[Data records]
┌────────
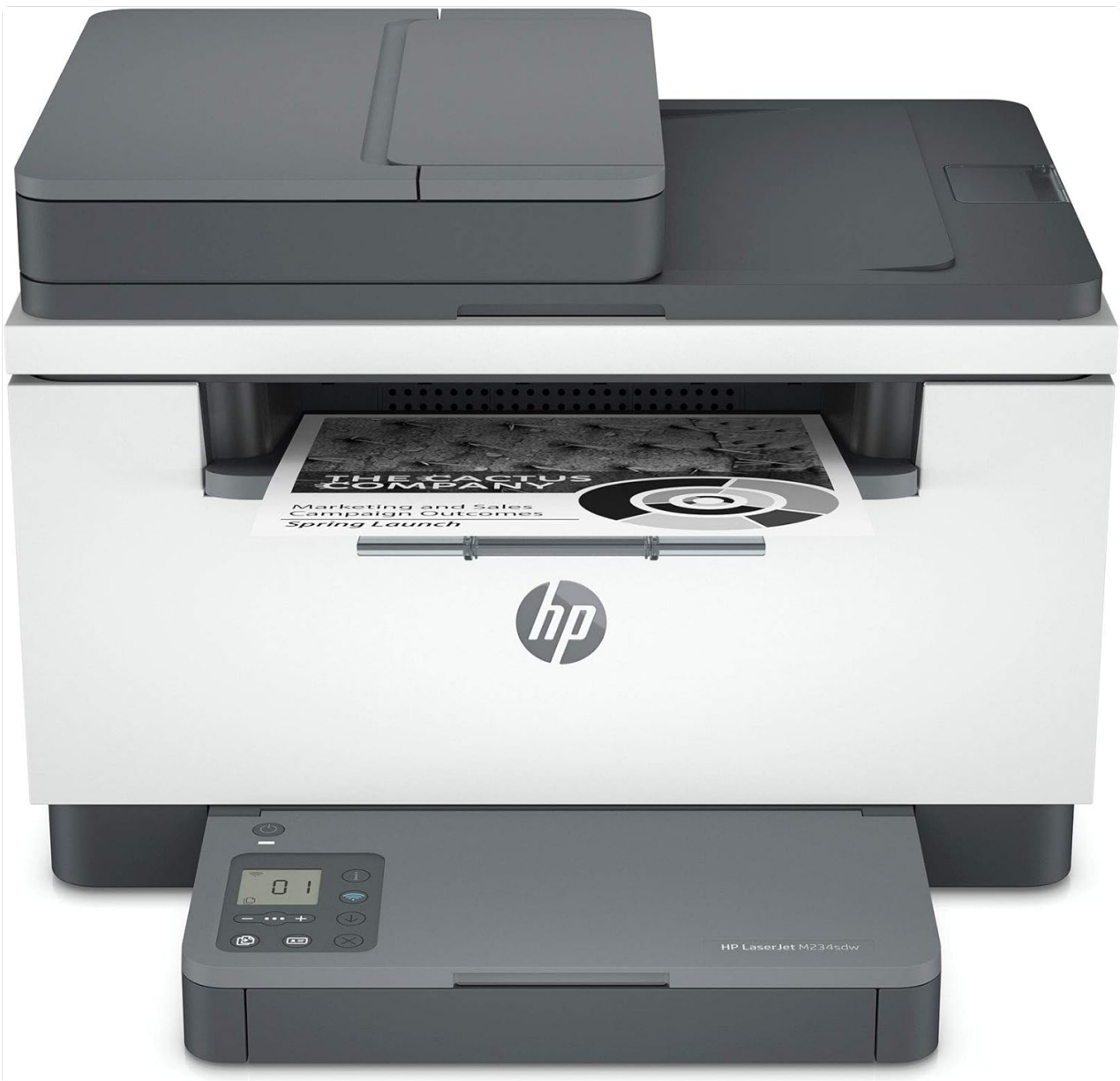
Figure 1.1: HP LaserJet MFP M234sdw Printer
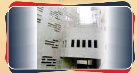
Project : "HEALTHWAY HOSPITAL", Old Goa, constructed by M/S R.B.S Candiaparcар
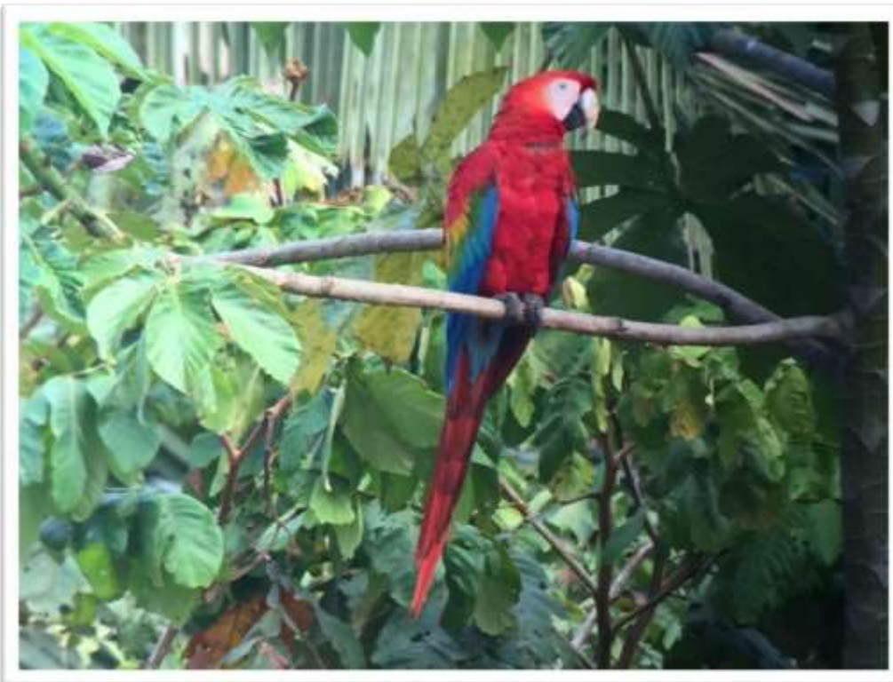
Scarlet Macaw
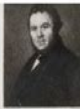
Stendhal (1783 - 1842)
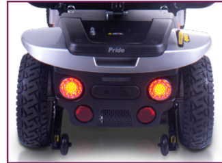
High Visibility Front and Rear LED Lighting
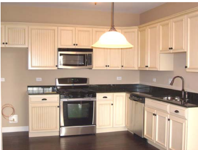
Kitchen With Granite Countertops
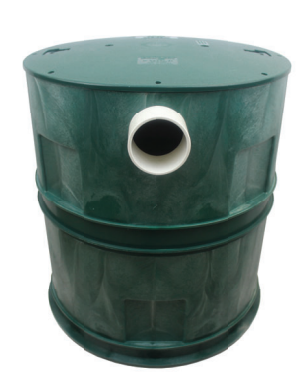
24" x 3" Riser Part #: 3008-RP
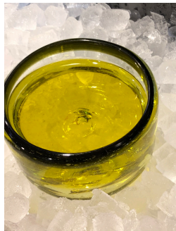
One Step Processing Botanical Oil 2-4 Pounds Input Bontanicals Per Hour 48-96 Pounds per Day 24/7
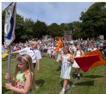
The maypole procession

What a wonderful day we had for our school Mayfair! The weather was kind in the end with the sun shining and the amazing maypole dancing came together brilliantly. The children looked fantastic as always in their flowers and smart clothes. A special highlight was the parade for our Year 6 King and Queen, followed by the eagerly awaited ribbon throwing – a proud moment for our Year 6 children. Thank you to all the families for your fantastic support, especially the PTA who organised the fair, (now called Whitegate Fest), our fair volunteers (including some pupils!) and those who joined us on the field to enjoy the activities, games and food. Finally, a big thank you to the children who took part in 'Soak the Teacher' – you certainly seemed to enjoy it... maybe a little too much!
└────────
=== TASK OBJECTIVE ===
In the records above, find the line that contains "Kitchen With Granite Countertops". Print it and every later line exactly, omitting the pictures.

=== RESPONSE TO THE TASK ===
Kitchen With Granite Countertops
24" x 3" Riser Part #: 3008-RP
One Step Processing Botanical Oil 2-4 Pounds Input Bontanicals Per Hour 48-96 Pounds per Day 24/7
The maypole procession

What a wonderful day we had for our school Mayfair! The weather was kind in the end with the sun shining and the amazing maypole dancing came together brilliantly. The children looked fantastic as always in their flowers and smart clothes. A special highlight was the parade for our Year 6 King and Queen, followed by the eagerly awaited ribbon throwing – a proud moment for our Year 6 children. Thank you to all the families for your fantastic support, especially the PTA who organised the fair, (now called Whitegate Fest), our fair volunteers (including some pupils!) and those who joined us on the field to enjoy the activities, games and food. Finally, a big thank you to the children who took part in 'Soak the Teacher' – you certainly seemed to enjoy it... maybe a little too much!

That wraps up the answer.